What are the lines, word for word, from the line with "두 방법 모두 훌륭한" up to and including the line with "上記の日時における蔦沼展望デ" in the records below? Omit the pictures.

▸ **Material supplied**
--

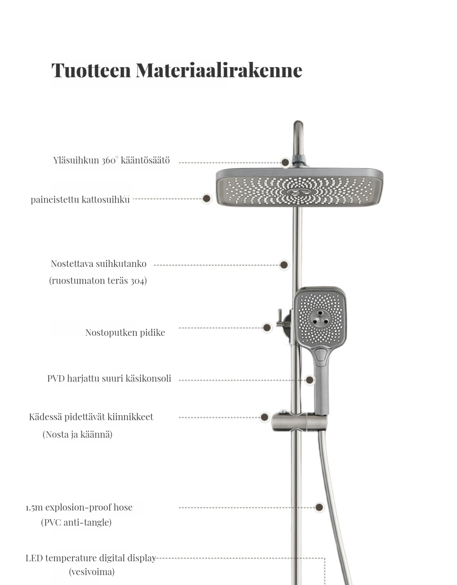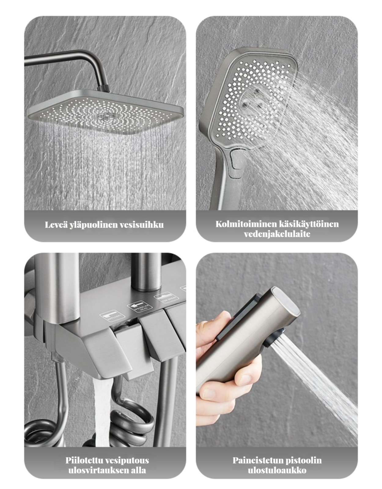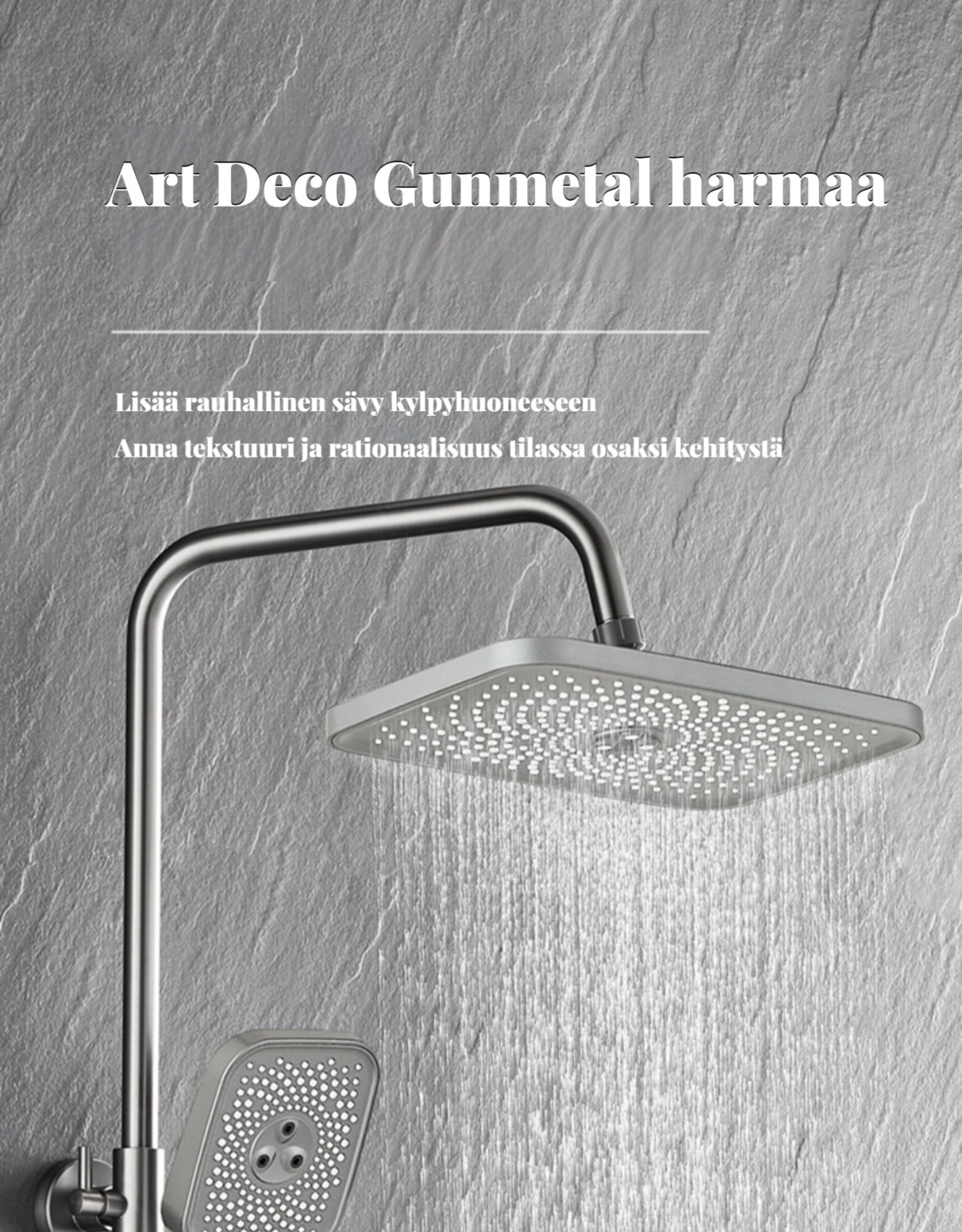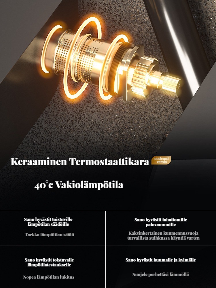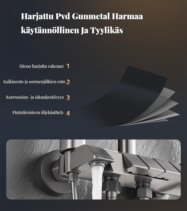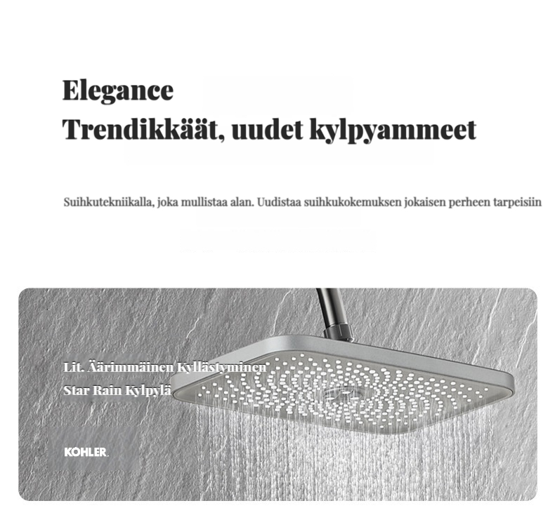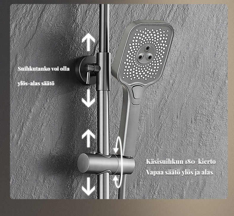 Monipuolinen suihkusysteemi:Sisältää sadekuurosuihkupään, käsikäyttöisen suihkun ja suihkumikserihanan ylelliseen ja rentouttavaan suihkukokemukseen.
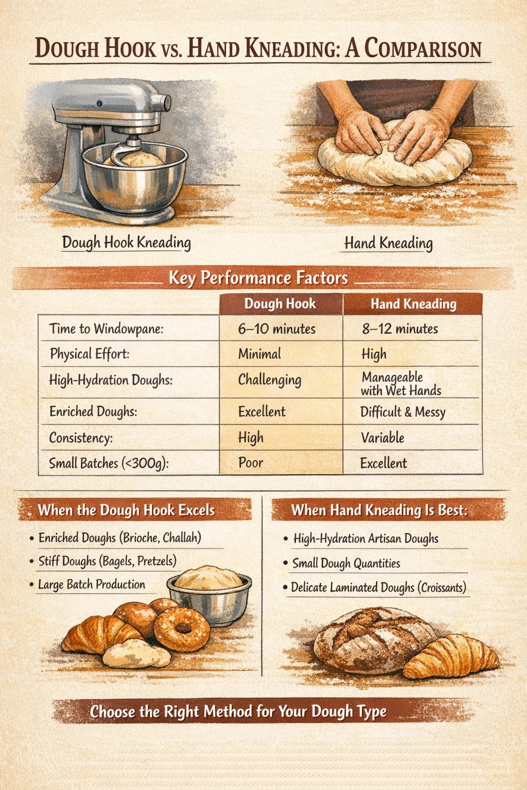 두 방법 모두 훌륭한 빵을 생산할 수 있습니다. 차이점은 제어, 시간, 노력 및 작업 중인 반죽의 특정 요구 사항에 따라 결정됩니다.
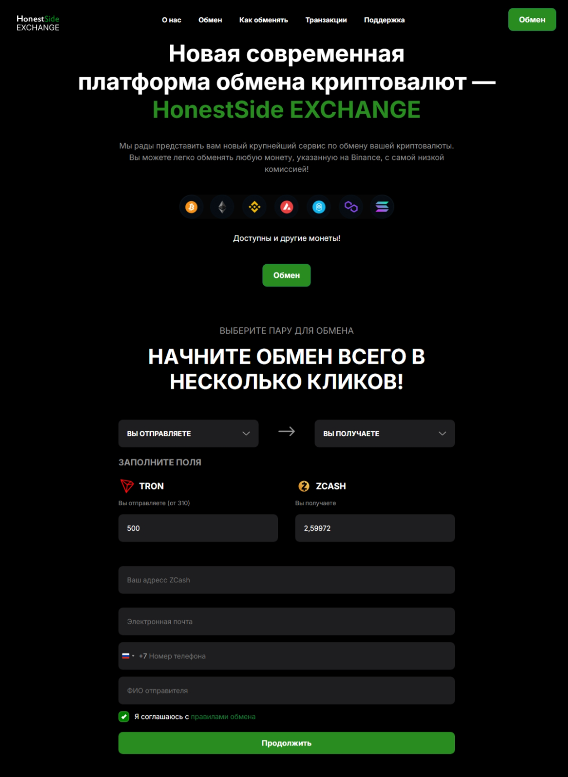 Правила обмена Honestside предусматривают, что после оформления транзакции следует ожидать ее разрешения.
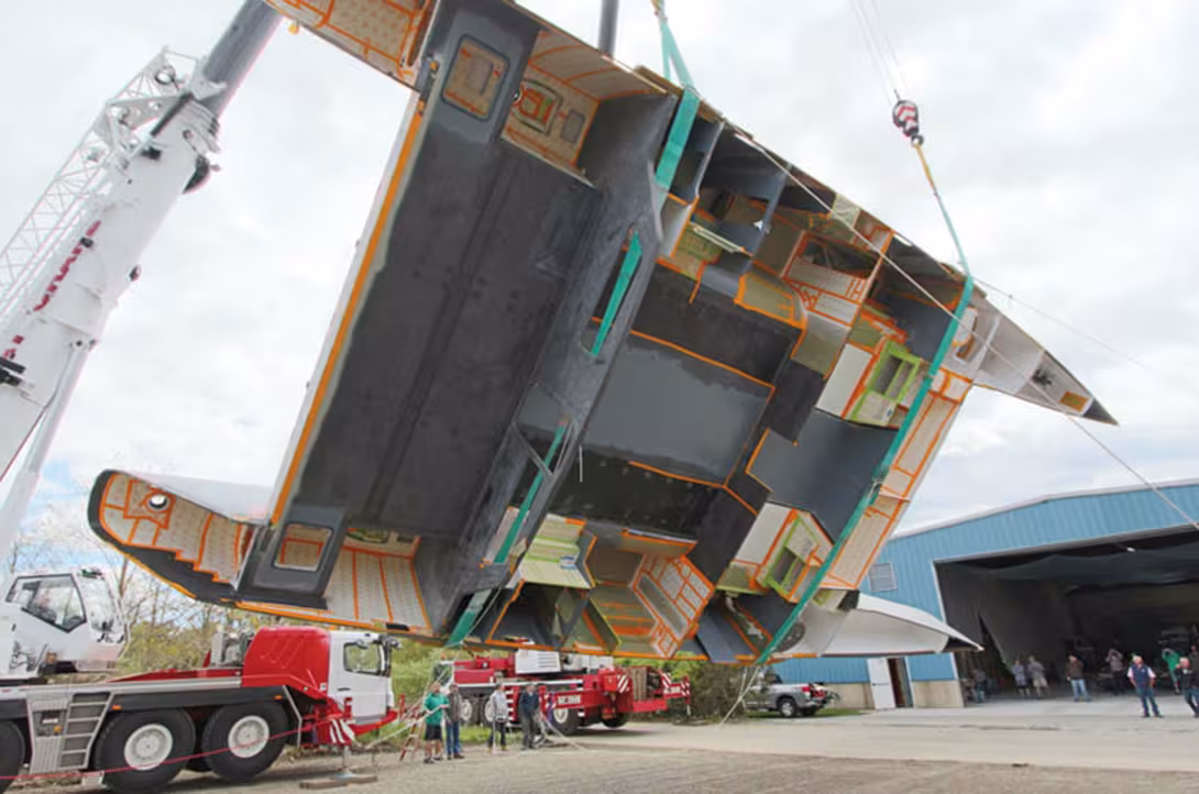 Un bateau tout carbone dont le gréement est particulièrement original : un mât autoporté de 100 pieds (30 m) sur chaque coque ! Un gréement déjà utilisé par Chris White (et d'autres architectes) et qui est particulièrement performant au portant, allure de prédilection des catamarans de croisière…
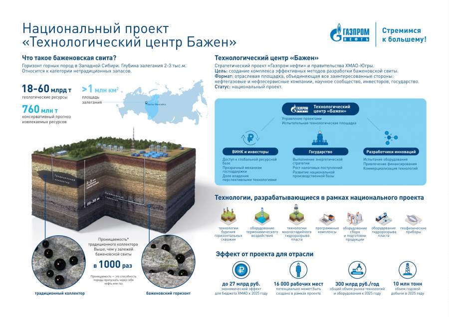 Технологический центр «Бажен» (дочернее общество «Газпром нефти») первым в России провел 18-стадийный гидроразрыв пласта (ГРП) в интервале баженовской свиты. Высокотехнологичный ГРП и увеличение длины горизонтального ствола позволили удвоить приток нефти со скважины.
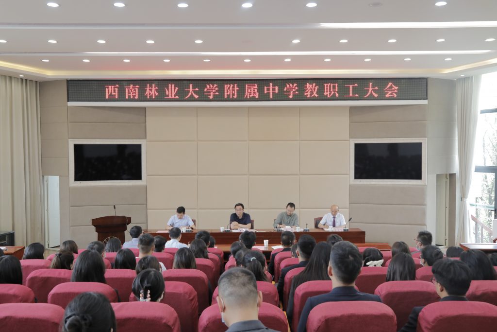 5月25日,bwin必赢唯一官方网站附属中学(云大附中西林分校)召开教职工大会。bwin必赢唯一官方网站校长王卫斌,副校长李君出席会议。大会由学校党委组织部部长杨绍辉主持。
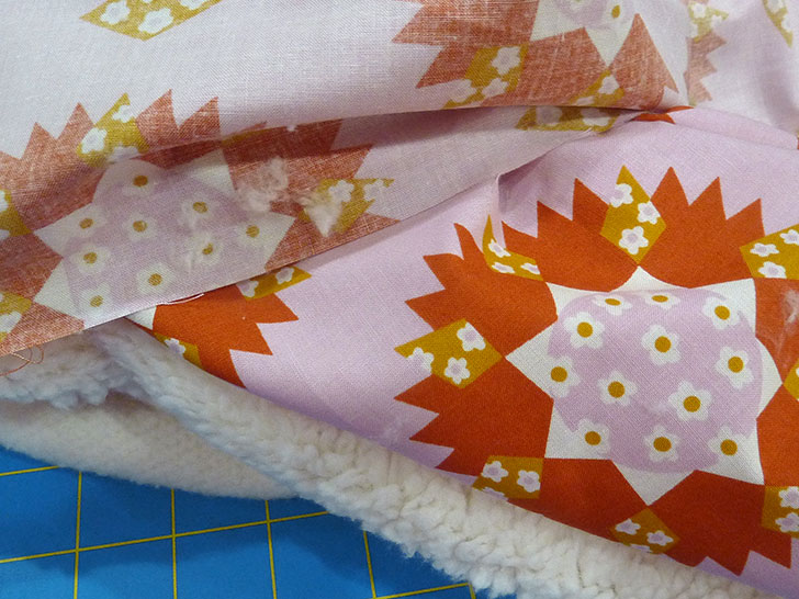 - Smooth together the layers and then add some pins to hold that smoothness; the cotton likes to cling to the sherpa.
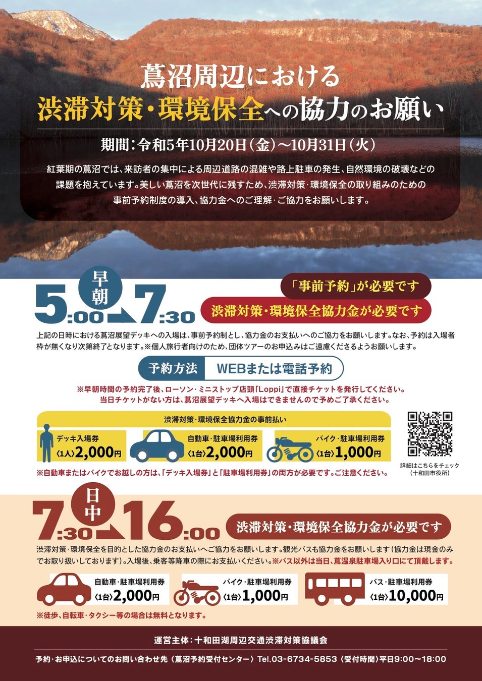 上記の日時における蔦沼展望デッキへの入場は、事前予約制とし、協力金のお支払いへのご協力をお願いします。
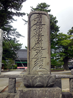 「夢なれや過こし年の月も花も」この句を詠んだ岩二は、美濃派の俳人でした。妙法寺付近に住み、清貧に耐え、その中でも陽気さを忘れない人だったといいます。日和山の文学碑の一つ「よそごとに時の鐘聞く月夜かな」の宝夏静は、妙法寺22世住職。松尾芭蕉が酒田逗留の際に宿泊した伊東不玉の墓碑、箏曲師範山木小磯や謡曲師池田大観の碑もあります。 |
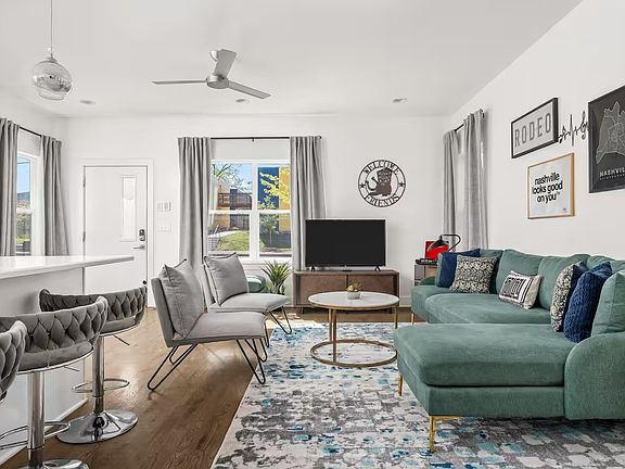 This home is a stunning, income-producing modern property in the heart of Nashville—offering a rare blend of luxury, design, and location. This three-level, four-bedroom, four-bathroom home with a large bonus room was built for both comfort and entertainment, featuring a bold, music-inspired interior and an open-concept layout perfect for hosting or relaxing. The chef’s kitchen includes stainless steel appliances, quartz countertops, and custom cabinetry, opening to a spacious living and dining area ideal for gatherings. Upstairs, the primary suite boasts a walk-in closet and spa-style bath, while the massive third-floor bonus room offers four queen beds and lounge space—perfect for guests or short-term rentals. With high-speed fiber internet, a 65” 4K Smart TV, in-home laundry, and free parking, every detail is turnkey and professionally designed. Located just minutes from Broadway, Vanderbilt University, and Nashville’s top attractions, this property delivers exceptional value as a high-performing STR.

--

▸ **Exercise output**
 두 방법 모두 훌륭한 빵을 생산할 수 있습니다. 차이점은 제어, 시간, 노력 및 작업 중인 반죽의 특정 요구 사항에 따라 결정됩니다.
 Правила обмена Honestside предусматривают, что после оформления транзакции следует ожидать ее разрешения.
 Un bateau tout carbone dont le gréement est particulièrement original : un mât autoporté de 100 pieds (30 m) sur chaque coque ! Un gréement déjà utilisé par Chris White (et d'autres architectes) et qui est particulièrement performant au portant, allure de prédilection des catamarans de croisière…
 Технологический центр «Бажен» (дочернее общество «Газпром нефти») первым в России провел 18-стадийный гидроразрыв пласта (ГРП) в интервале баженовской свиты. Высокотехнологичный ГРП и увеличение длины горизонтального ствола позволили удвоить приток нефти со скважины.
 5月25日,bwin必赢唯一官方网站附属中学(云大附中西林分校)召开教职工大会。bwin必赢唯一官方网站校长王卫斌,副校长李君出席会议。大会由学校党委组织部部长杨绍辉主持。
 - Smooth together the layers and then add some pins to hold that smoothness; the cotton likes to cling to the sherpa.
 上記の日時における蔦沼展望デッキへの入場は、事前予約制とし、協力金のお支払いへのご協力をお願いします。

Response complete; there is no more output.